Two and a half weeks ago I received a Happy Anniversary card from my 94 year-old mother. Enclosed was some cash for a “special anniversary dinner”, and a note saying she had just spent ten days in the hospital after experiencing some difficulty breathing. She asked my brother Rick, who lives with her, not to call me because she didn’t want anyone to worry about her. To my recollection, this was the first time that Mom ever had an extended stay in the hospital, so I called Rick to get more details. He told me that mom was suffering from congestive heart failure and some related problems. I admonished him a little for not letting me know and asked him to please call if there were any further problems. A few days later Rick called to say that Mom was back in the hospital with pneumonia. I drove up to Riverside to see her a few days later and was shocked to see Mom, who up till a few weeks ago had always been strong and healthy (except for a severely arthritic hip which required her to use a walker), lying in bed with a respirator, a feeding tube, and IV’s. She was sleeping when I arrived, but woke up a few times during my visit, smiled and tried to say a few words. It was difficult to understand her through the respirator, but she obviously knew who I was and was happy to see me. She seemed peaceful and was not in any great pain. Rick told me that when he was taking her to the hospital she said, “Boy, I really went downhill fast.” On the evening of May 1st I was having dinner with my daughter Leela and my mother-in-law Jetty when the phone rang. Normally I don’t answer the phone during dinner, but when caller ID identified my brother Rick, I picked up the phone. I had spoken to Rick earlier in the day and he said that Mom seemed slightly improved, so I was quite surprised when he told me she had passed away that afternoon. When I hung up the phone I sat in stunned silence and let the waves of emotion wash over me.
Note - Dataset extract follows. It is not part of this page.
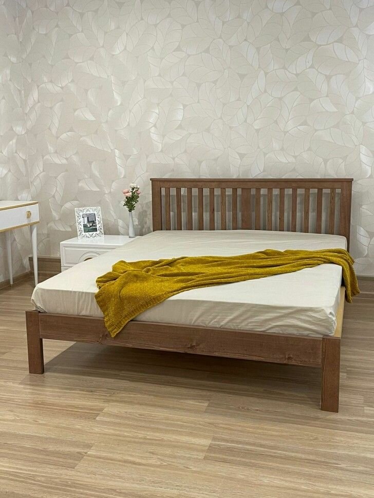 Двуспальная кровать 140х200 Фаби деревянная, из сосны, цвет Палисандр

Leela got up from the table and retrieved a questionnaire that Mom had returned to her a few weeks earlier, detailing her personal history. The questionnaire was part of Leela’s fifth-grade “Memoir Heritage Project”. In her attempt to comfort me, Leela gave me the completed pages, as if to say, “Here’s a little bit of Grandma we will always have.” In that moment, I saw my mother’s kindness shining through my daughter (maybe it skipped a generation).
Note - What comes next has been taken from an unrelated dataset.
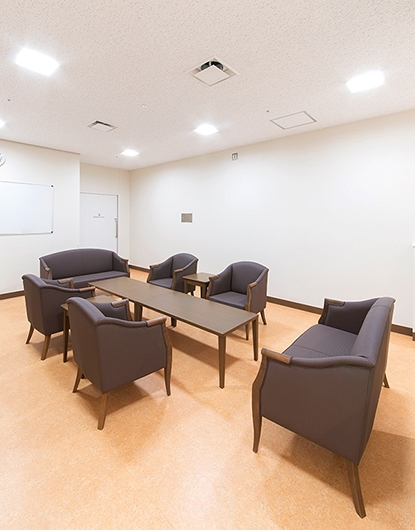 1階 透析待合/ソファ、テーブル、ホワイトボード

Selma Miller was born in Montrose, Colorado on January 20th, 1919. She grew up on a ranch on the outskirts of Perris, California, about a mile from her closest neighbor, and attended a small, rural school with one teacher for all eight grades. She was a good student and went on to attend the University of California, Santa Barbara, earning a BA in Home Economics. She married my father in 1944 and had three sons. Mom was totally devoted to her family, content to fulfill her dharma through service to her husband and children. She and my father were married for almost 67 years! In India, they say that your mother is your first guru. I was fortunate to have a guru who embodied the qualities of love, kindness, thoughtfulness, patience, and unselfishness. I remember getting the mumps and measles simultaneously when I was in kindergarten and then passing both of them on to my two brothers, and the mumps to my father as well. My mother took care of us all tirelessly, without complaint, remaining strong and even-tempered throughout it all. Mom lived by the mottos, “If you don’t have something nice to say about someone, don’t say anything at all”, and “Be happy for what you have.” I thank God that she had a long and fulfilling life, and passed peacefully, with her mental faculties intact. If there is any justice in the afterlife, she is in a good place. Thanks for everything, Mom—you’re the best!
Tim, my deepest sympathy. I lost my mother last year and my father just this last January. We are close to the same age and and fortunate, in a way, to still have living parents while in our early 60s. Since those parents are in their 90s, their loss is sad but inevitable. Your parents had beautiful, happy lives. Our parents will remain alive forever in our lifelong memories of them.
Now we are the oldest generation in our families and face our own mortality. I would like to hear your thoughts about that.
Susan Sullivan, Columbus, OH.
Posted by: Suziec3595 | 05/07/2013 at 05:32 PM
Dearest Tim - Dana and I send our deepest sympathies for your great loss. Our words are inadequate at this time, so we are sending you and your family our love. And thank you for sharing your Mother with us all...
Much Love,
Barry & Dana - NYC
Posted by: Barry Fleming | 05/07/2013 at 07:29 PM
thanks for sharing this....so hard to lose mom....much love to you....Cindy from boulder
Posted by: Misc | 05/08/2013 at 10:04 AM
Tim, our hearts go out to you and your family. Thank you for sharing with us.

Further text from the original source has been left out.